In 1896, Kavvadias excavated the first parts of the nearby Sanctuary of Apollo Maleatas on Mount Kynortion. That year, the French architectural historian Charles Chipiez described the excavation of Epidaurus as "of capital importance to the history of Greek architecture", though he criticised the restrained and limited reconstructions drawn up by the German Wilhelm Dörpfeld, who worked with Kavvadias and illustrated his publication of the excavations, in favour of the more lavish reconstructions created in 1895 by the French architect Alphonse Defrasse – reconstructions which, by the later 20th century, were considered largely erroneous. Kavvadias's report on his excavations of the Roman-period odeion at the site, which he published in 1900, has been described as "invaluable" for the amount of evidence it preserves, much of which has been lost through later deterioration in the building's condition.

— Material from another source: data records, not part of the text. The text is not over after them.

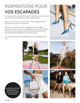 elevated wedge sandals, fresh trainers and handbags in newseason shades, as well as Swarovski crystal-embellished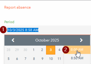 - Enter the absence and edit the date/time field by clicking in the field: Adapt the time to 8 am.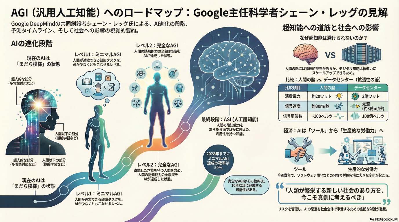 彼は、デジタル技術がエネルギーや処理速度の面で生物学的な脳の限界を遥かに超えるため、AGIの次は必然的に超知能(ASI)へ進化すると主張しています。現状のAIは言語能力には優れるものの、継続的な学習や視覚的推論に課題を残しており、これらを数年以内に克服することが次のステップとなります。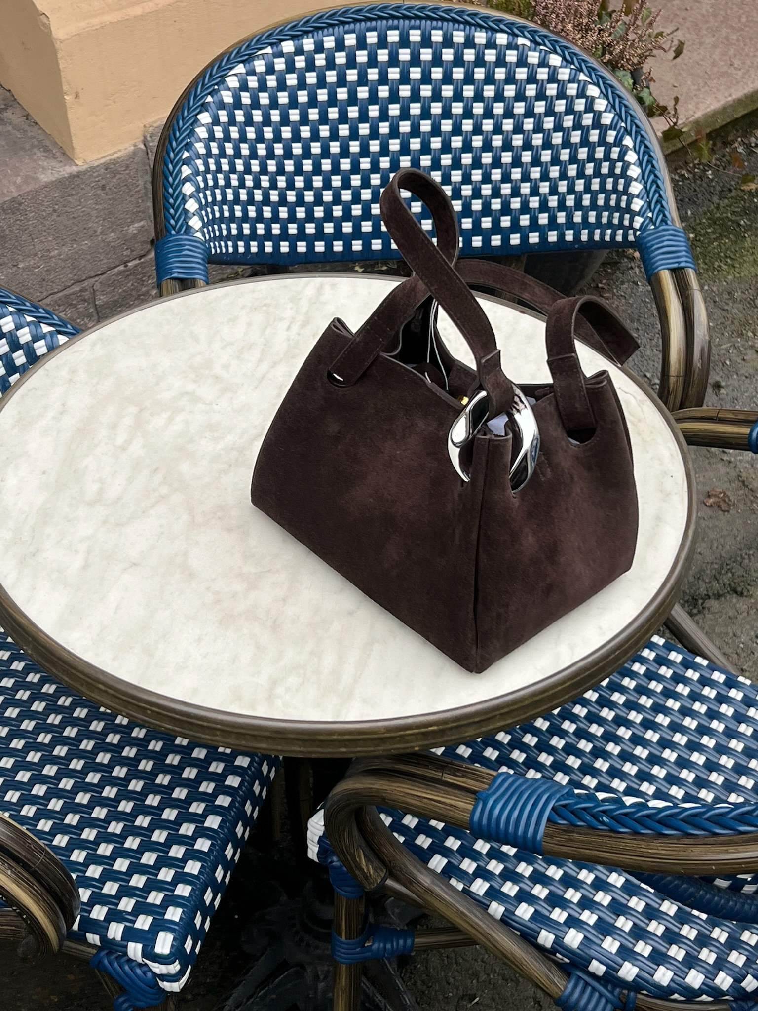 "Zina Bag" fra Mocha Brown. Zina-vesken er laget av 100 % semsket skinn, har en matchende innvendig veske, magnetisk trykknapplukking, elegant sølvutsmykning, diskret logodetalj og en avtakbar skulderstropp.

Kavvadias returned to Epidaurus throughout his career. In 1902, he discovered the first parts of a building adjacent to the stadium (which had already been discovered by 1893), connected directly to it by means of an entrance tunnel. The findings from the building's excavation were never fully published; in 1992, the archaeologist Stephen G. Miller suggested that it may have been an apodyterion (changing room) for the athletes. In 1903, Kavvadias published part of the inscription upon a third stele, detailing further accounts of miraculous healings; he published the inscription in full in 1918. In his last excavation season at Epidaurus, which lasted from June 1928 until shortly before his death in July, he uncovered an elaborate building, possibly used by athletes preparing for competition, to the north of the stadium. John Papadimitriou excavated the site on behalf of the Archaeological Society between 1948 and 1951. Much of his work was simply clearing the site, though he made a systematic study of the Sanctuary of Apollo Maleatas. The excavation of Epidaurus has been described as a "landmark", both for its place in the institutional history of Greek archaeology and for the finds uncovered there.